On March 3, 2022, President Joe Biden signed the Ending Forced Arbitration of Sexual
Assault and Sexual Harassment Act of 2021 (the “Act”), which limits the use of pre-dispute
arbitration agreements and class action waivers covering sexual assault and sexual
harassment claims. As we had previously written, the Act amends the Federal Arbitration Act
(FAA) to give employees who are parties to arbitration agreements with their employers the
option of bringing claims of sexual assault or sexual harassment either in arbitration or in
court.

The Act amends the FAA to include a new section, which states, in part:

[A]t the election of the person alleging conduct constituting a sexual harassment dispute or a
sexual assault dispute, or the named representative of a class or in a collective action
alleging such conduct, no pre-dispute arbitration agreement or pre-dispute joint action
waiver shall be valid or enforceable with respect to a case which is filed under Federal,
Tribal, or State law and relates to the sexual assault dispute or the sexual harassment
dispute.

The Act gives employees the option to invalidate arbitration agreements and class or collective
action waivers with respect to sexual assault and sexual harassment claims.

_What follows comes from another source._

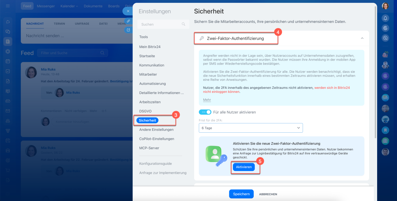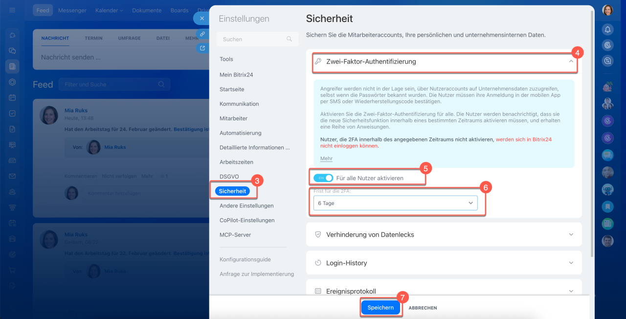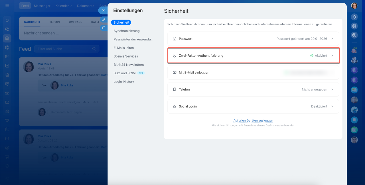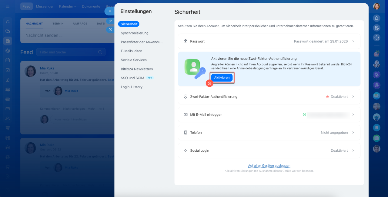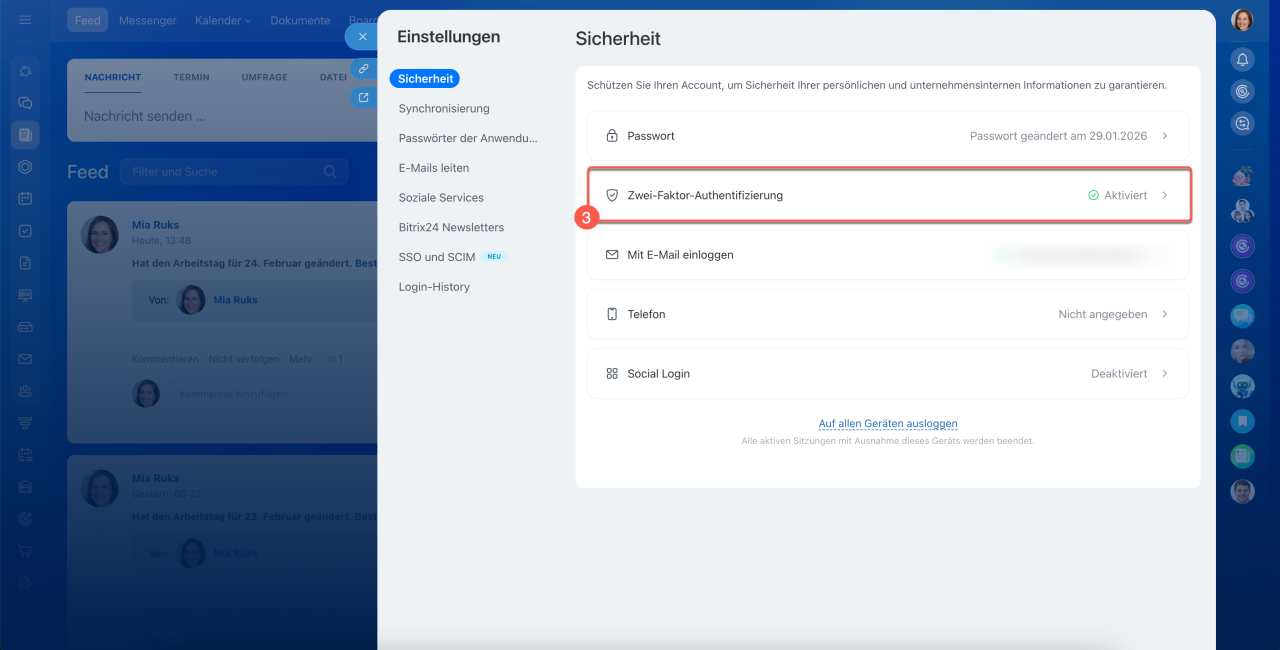 Die Zwei-Faktor-Authentifizierung bietet zusätzlichen Schutz für Ihren Bitrix24-Account: Neben Login und Passwort ist eine zweite Bestätigungsmethode erforderlich. Ohne diese Bestätigung ist ein Zugriff auf den Account nicht möglich – selbst wenn jemand Ihr Passwort kennt.
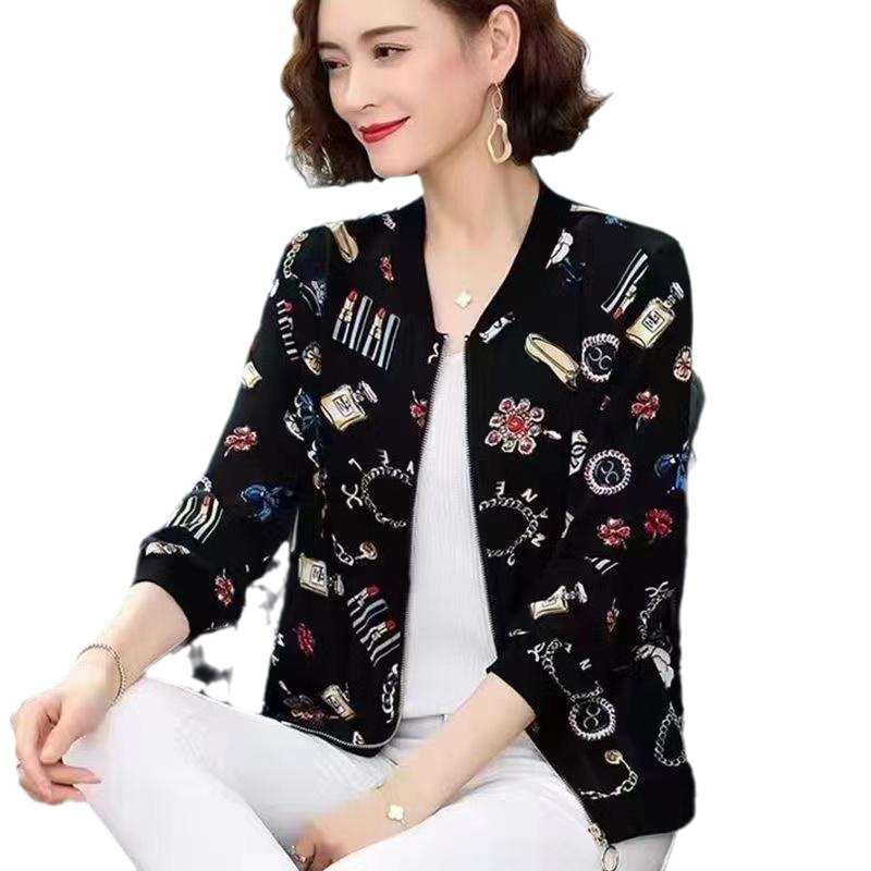 | nameOriginal | Printed Cardigan Long-sleeved Short Coat Mother's Baseball Suit Summer Loose plus size New Style Top Thin Sun-protective Clothing for Women |

This means
employees may choose to either arbitrate these claims or pursue them in court regardless of
any contractual agreements with their employers.

The Act applies to all claims that arise or accrue after March 3, 2022, regardless of the date of
the agreement at issue. The Act, however, does not affect claims that arose or accrued before
March 3, 2022.

The Act does not affect otherwise valid arbitration agreements for claims that are not related
sexual assault and sexual harassment.